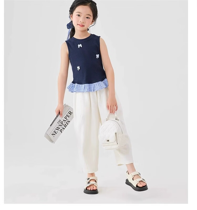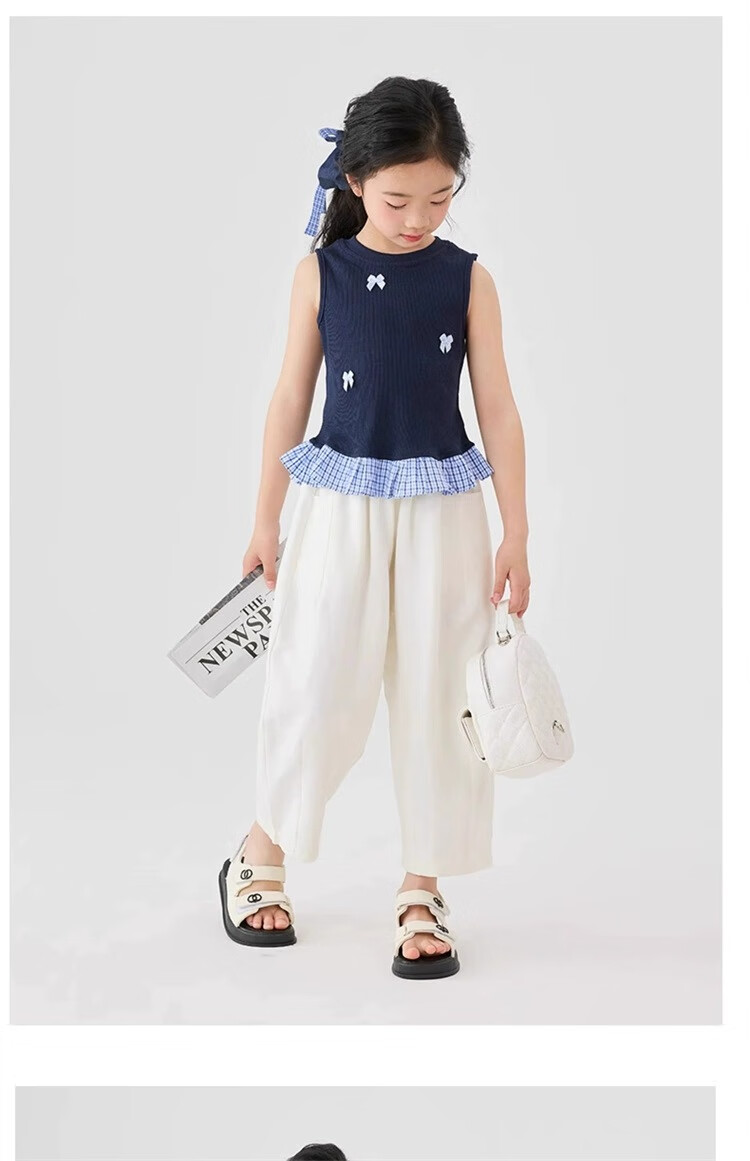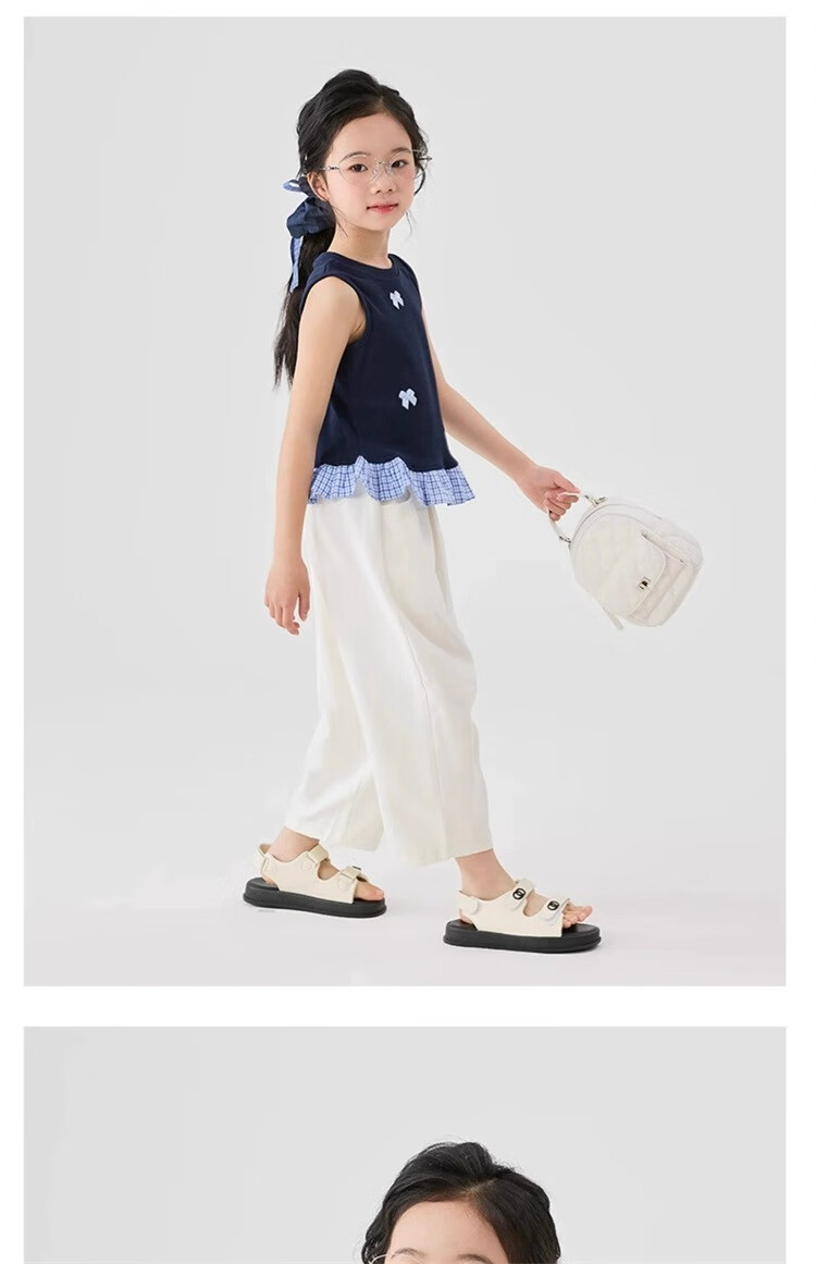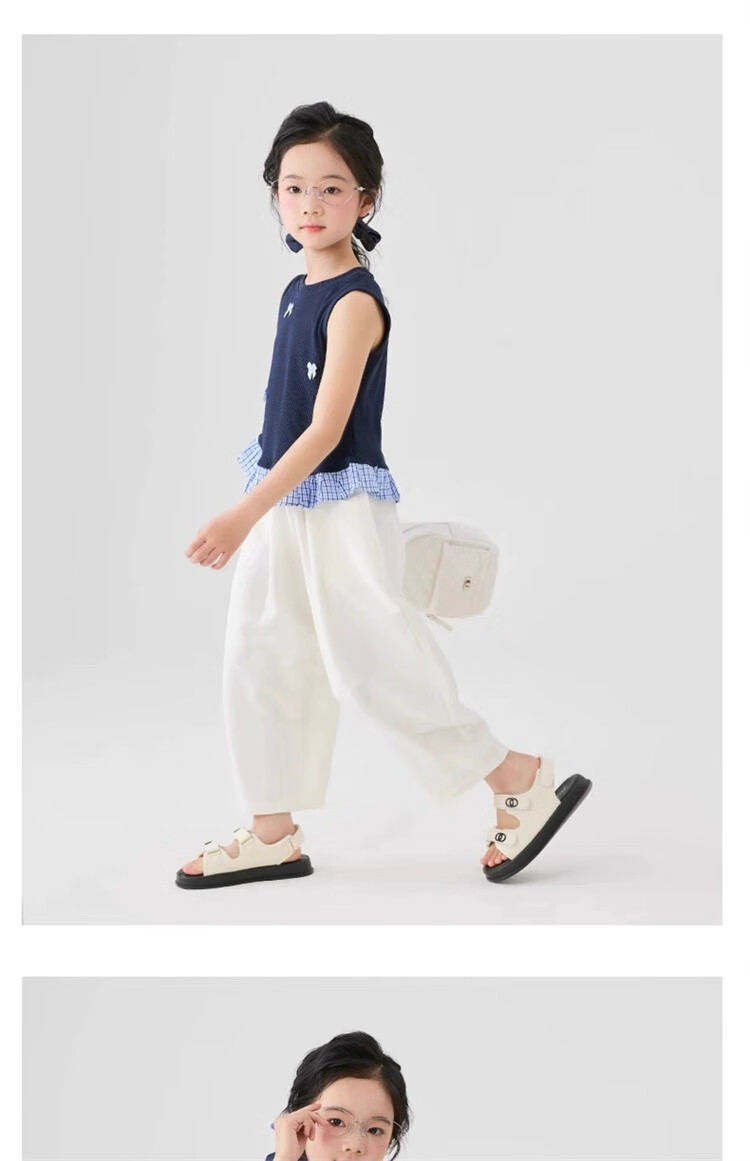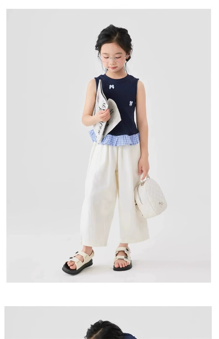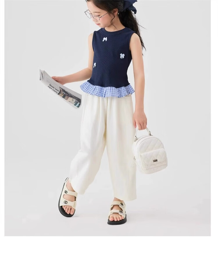猫人女童九分裤夏季薄款裤子2025新款儿童裤夏装白色女孩防蚊阔腿裤凉 白色 160
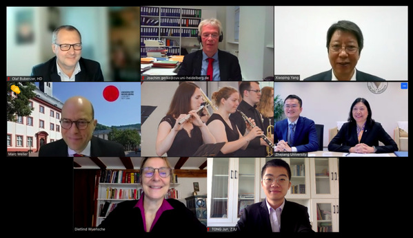 On October 26, Prof. HE Lianzhen, vice president of Zhejiang University, and Prof. Marc-Philippe Weller, vice-rector for International Affairs at Heidelberg University, signed an agreement for a student exchange program by video link.
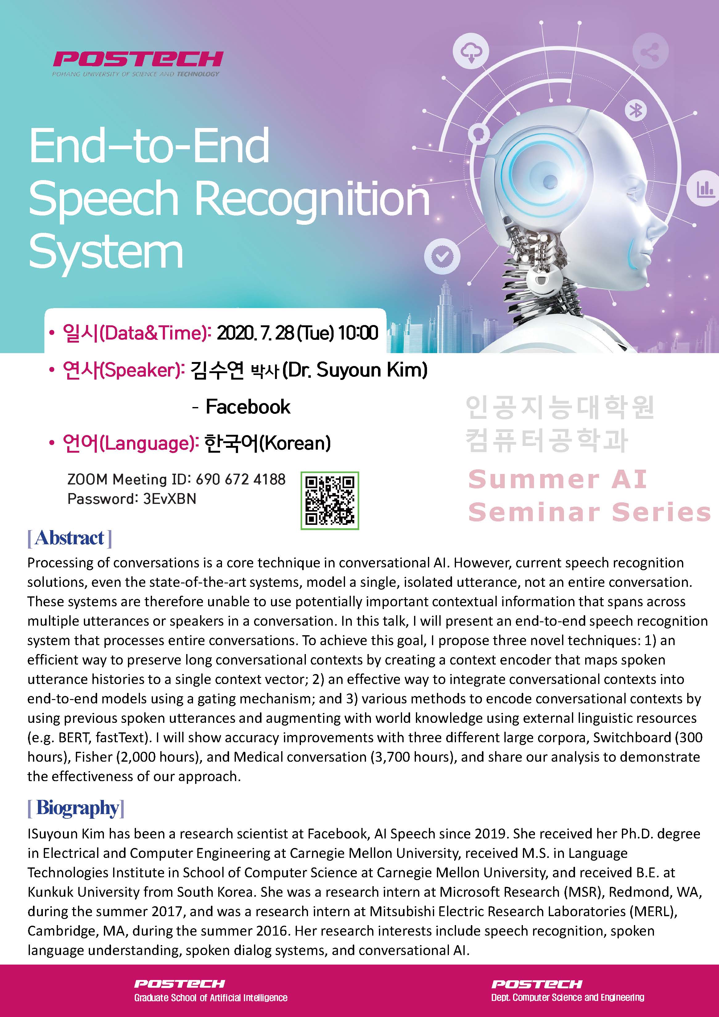 | [인공지능대학원/컴퓨터공학과] Summer AI Seminar Series 세미나 안내(김수연 박사/Facebook)_7/28(화) 10:00 | ||
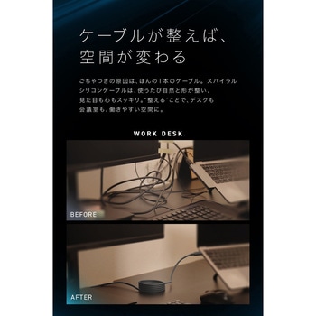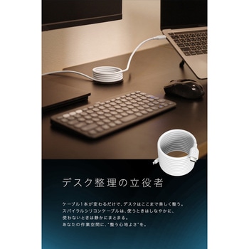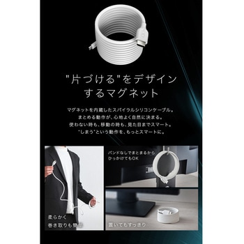 ケーブルに内蔵した磁石の力で、ケーブル同士がくっついて、コイルケーブルのようにスパイラル状にきれいにまとまります。2mの長さがありますが、余分なケーブルが気になったら、くるっと巻くことで、お好きな長さで使えます。ケーブルの収まりがよいだけでなく、使わない時の整頓性や、片付けが劇的に楽になります。
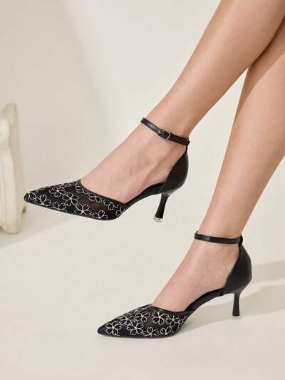 CUCCOO CHICEST Spring And Autumn Black Mesh Embroidery Pointed Tip Thin Heel Sexy Elegant Hollow Women's High Heel Shoes Wedding Shoes Spring Shoes Bride Shoes
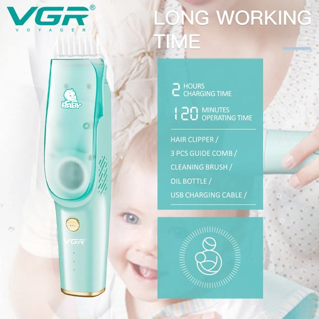 Дитяча безшумна машинка для стриження волосся VGR 151 Baby Hair Clipper — це спеціально розроблений пристрій для стриження волосся маленьких дітей без створення зайвого шуму та дискомфорту. Також у машинки передбачений зручний контейнер для збирання волосся, що дає змогу стригти вашу дитину в будь-якому місці, граючи.
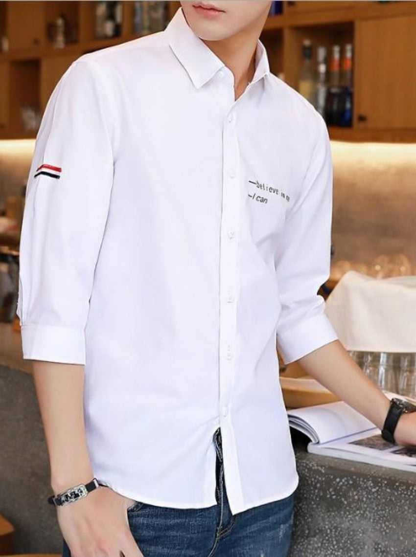 Discover the Men's Urban Fashion Half Sleeve Button Up Slim-Fit Shirt. Crafted from a high-quality Cotton Blend fabric, this shirt is available in White, Blue, Navy, and Gray. Designed with a slim fit, it offers a modern and stylish look. Choose from XS, S, M, or L sizes. For precise sizing, refer to the following measurements:
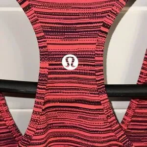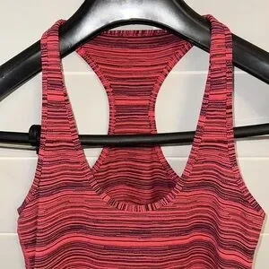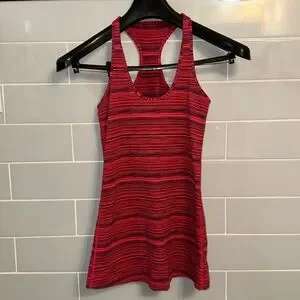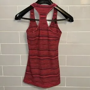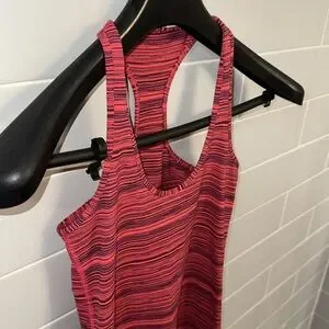 Lululemon Cool Racerback Tank in red and black heathered stripes.
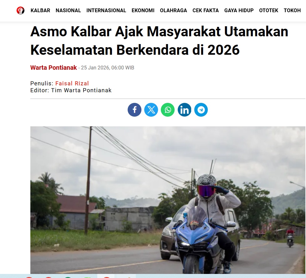 Asmo Kalbar Ajak Masyarakat Utamakan Keselamatan Berkendara di 2026 by Faisal Rizal 25 Januari 2026 in Silahkan kunjungi https://wartapontianak.pikiran-rakyat.com/gaya-hidup/pr-1179957218/asmo-kalbar-ajak-masyarakat-utamakan-keselamatan-berkendara-di-2026. You Might Like Regional Public Launching New ADV160 The SUV Pride Grand Launching New PCX 160 Truly Exceptional! Tetap hati-hati ya bro sist berkendara saat hujan.
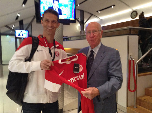 Sir Bobby Charlton recebe de Ortiz (E) a camisa do Internacional
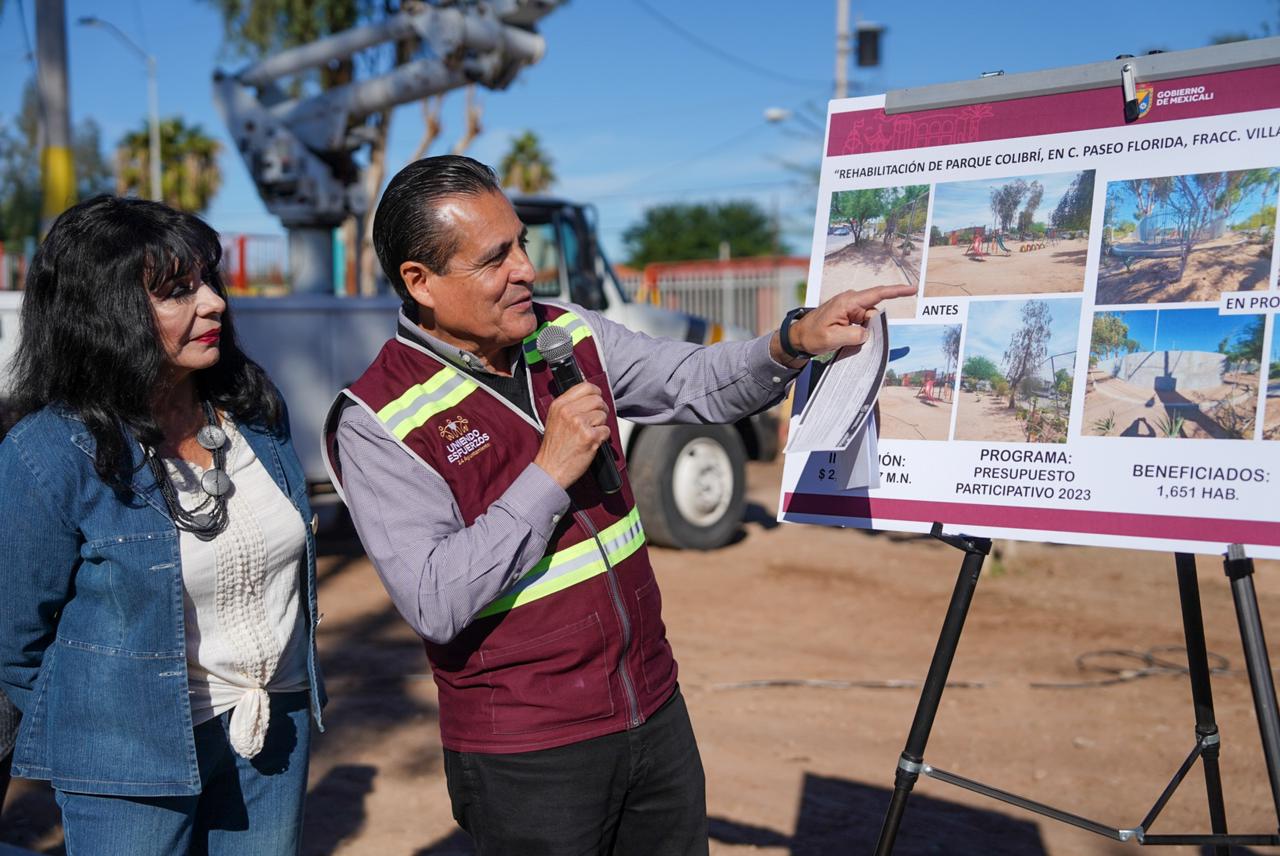Mexicali B.C. A 22 de noviembre 2023.- Al fin es una realidad para las familias del fraccionamiento de Villa Florida la rehabilitación del parque “El Colibrí”, después de años solicitando esta renovación la presidenta municipal Norma Bustamante acudió el día de hoy a supervisar el avance de esta obra.
•••
Would you repeat the listing above exactly, minus the images?

猫人女童九分裤夏季薄款裤子2025新款儿童裤夏装白色女孩防蚊阔腿裤凉 白色 160
 On October 26, Prof. HE Lianzhen, vice president of Zhejiang University, and Prof. Marc-Philippe Weller, vice-rector for International Affairs at Heidelberg University, signed an agreement for a student exchange program by video link.
 | [인공지능대학원/컴퓨터공학과] Summer AI Seminar Series 세미나 안내(김수연 박사/Facebook)_7/28(화) 10:00 | ||
 ケーブルに内蔵した磁石の力で、ケーブル同士がくっついて、コイルケーブルのようにスパイラル状にきれいにまとまります。2mの長さがありますが、余分なケーブルが気になったら、くるっと巻くことで、お好きな長さで使えます。ケーブルの収まりがよいだけでなく、使わない時の整頓性や、片付けが劇的に楽になります。
 CUCCOO CHICEST Spring And Autumn Black Mesh Embroidery Pointed Tip Thin Heel Sexy Elegant Hollow Women's High Heel Shoes Wedding Shoes Spring Shoes Bride Shoes
 Дитяча безшумна машинка для стриження волосся VGR 151 Baby Hair Clipper — це спеціально розроблений пристрій для стриження волосся маленьких дітей без створення зайвого шуму та дискомфорту. Також у машинки передбачений зручний контейнер для збирання волосся, що дає змогу стригти вашу дитину в будь-якому місці, граючи.
 Discover the Men's Urban Fashion Half Sleeve Button Up Slim-Fit Shirt. Crafted from a high-quality Cotton Blend fabric, this shirt is available in White, Blue, Navy, and Gray. Designed with a slim fit, it offers a modern and stylish look. Choose from XS, S, M, or L sizes. For precise sizing, refer to the following measurements:
 Lululemon Cool Racerback Tank in red and black heathered stripes.
 Asmo Kalbar Ajak Masyarakat Utamakan Keselamatan Berkendara di 2026 by Faisal Rizal 25 Januari 2026 in Silahkan kunjungi https://wartapontianak.pikiran-rakyat.com/gaya-hidup/pr-1179957218/asmo-kalbar-ajak-masyarakat-utamakan-keselamatan-berkendara-di-2026. You Might Like Regional Public Launching New ADV160 The SUV Pride Grand Launching New PCX 160 Truly Exceptional! Tetap hati-hati ya bro sist berkendara saat hujan.
 Sir Bobby Charlton recebe de Ortiz (E) a camisa do Internacional
Mexicali B.C. A 22 de noviembre 2023.- Al fin es una realidad para las familias del fraccionamiento de Villa Florida la rehabilitación del parque “El Colibrí”, después de años solicitando esta renovación la presidenta municipal Norma Bustamante acudió el día de hoy a supervisar el avance de esta obra.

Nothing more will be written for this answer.